Cada regreso terminaba en disputas, problemas legales o fracasos comerciales.
Era como si una energía oscura impidiera que el nombre renaciera.

El mito de Locomía también está marcado por momentos únicos.
En 1987, antes de alcanzar la fama, fueron invitados a la legendaria fiesta de cumpleaños de Freddie Mercury en Ibiza.
Su presentación improvisada impresionó tanto al vocalista de Queen que este les pidió los zapatos de punta como recuerdo.
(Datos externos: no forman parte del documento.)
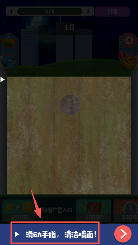 1、在游戏初始界面,按照提示滑动手指,对当前显示的墙面进行清洁操作,推进游戏进程。
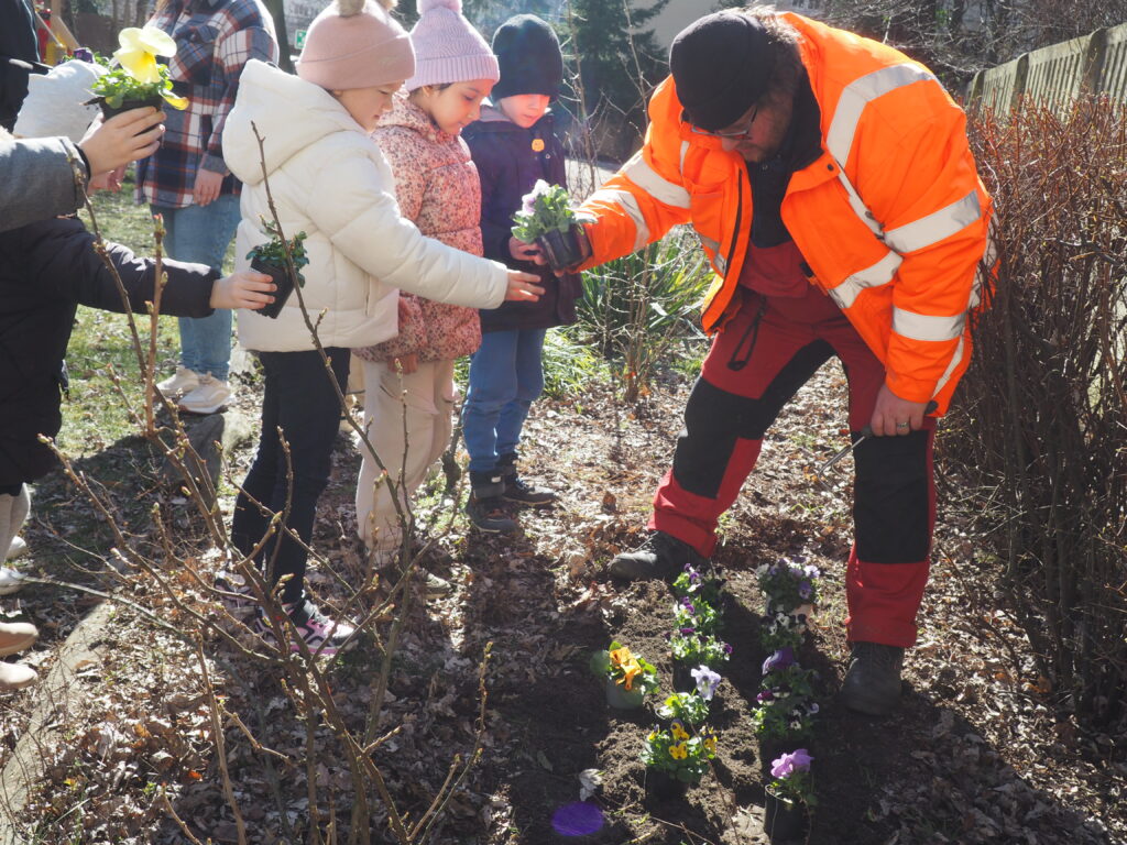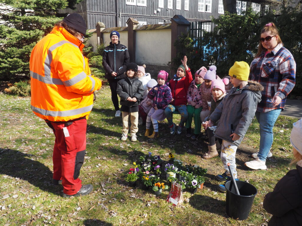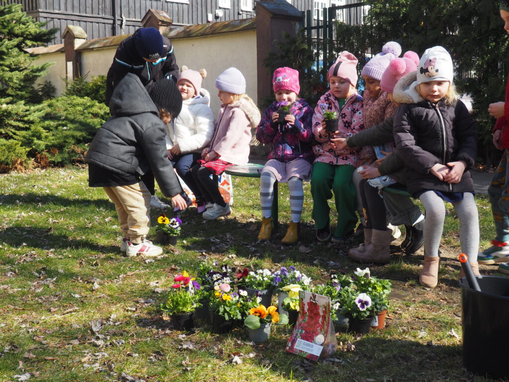 Sadzenie kwiatków w ogrodzie oraz spotkanie z ogrodnikiem przedszkolnym

También compartieron escenario con David Bowie durante su Glass Spider Tour, consolidando su estatus de íconos de una era en la que la moda y la música se fusionaban como nunca antes.
Hoy, décadas después, Locomía sigue despertando fascinación y escalofrío.
Su historia combina lo mejor y lo peor del espectáculo: la creatividad sin límites y la ambición sin freno, la belleza del arte y la oscuridad de los excesos.
Fueron pioneros de un estilo que rompió fronteras, pero también víctimas de un sistema que no perdona la diferencia.
Brillaron con fuerza desmedida y se extinguieron con la misma intensidad.
Locomía no fue solo un grupo musical: fue un fenómeno cultural que desafió géneros, estéticas y convenciones.
Pero también fue una advertencia sobre el precio de la fama, el poder del ego y los peligros de ocultar la verdad.
Detrás de los abanicos dorados, los maquillajes brillantes y las coreografías imposibles, quedó una lección imborrable: la gloria y la tragedia pueden bailar al mismo ritmo.